While such scenarios seem fictional, modern surveillance technology and law enforcement practices edge ever closer to this reality. One major source of government insights into our thoughts is keyword search warrants. These warrants compel search engines like Google to provide information about users who search for specific terms, allowing the government to identify who is thinking about certain sensitive topics.
Perhaps you’re an author trying to understand how poisonings are carried out as you write your murder mystery. Perhaps you search about the process for manufacturing meth because you became curious after watching the show Breaking Bad. Perhaps you search how to obtain an abortion while you reside in a state where it is illegal, whether because you need one or you know someone else who might. In any of these cases, keyword search warrants could help the government to identify you as someone who thinks dangerous thoughts, to your potential detriment.
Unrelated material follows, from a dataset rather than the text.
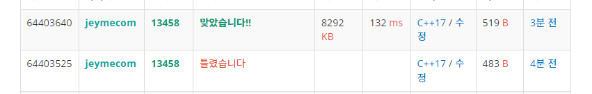 13458 문제는 수학 문제이다. 간단한 문제인데 한번 틀렸다.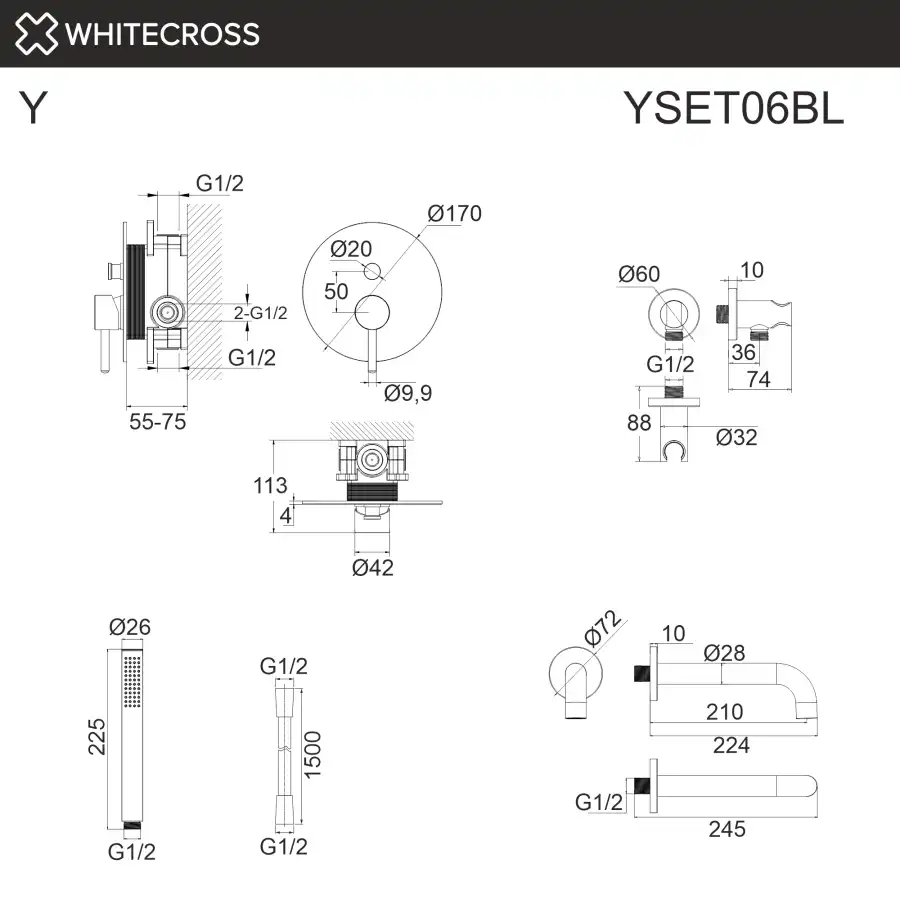 Душевая система для ванны, скрытого монтажа WHITECROSS Y black, Черный матовый, YSET06BL

This Article examinees the largely obscured practice of keyword search warrants in American jurisprudence. Section I describes how these warrants function. Section II outlines some of the few documented examples of their use by law enforcement. Section III provides the necessary historical framework for constitutional analysis of these warrants. Section IV discusses Fourth Amendment jurisprudence, including recent developments relating to digital privacy. Section V evaluates the constitutional concerns these warrants raise, and concludes that these warrants are illegal general warrants, with insufficient particularity and unconstitutional overbreadth. Most critically, this section explores the implications of government surveillance of search engine usage, where the mere act of seeking information may become grounds for suspicion.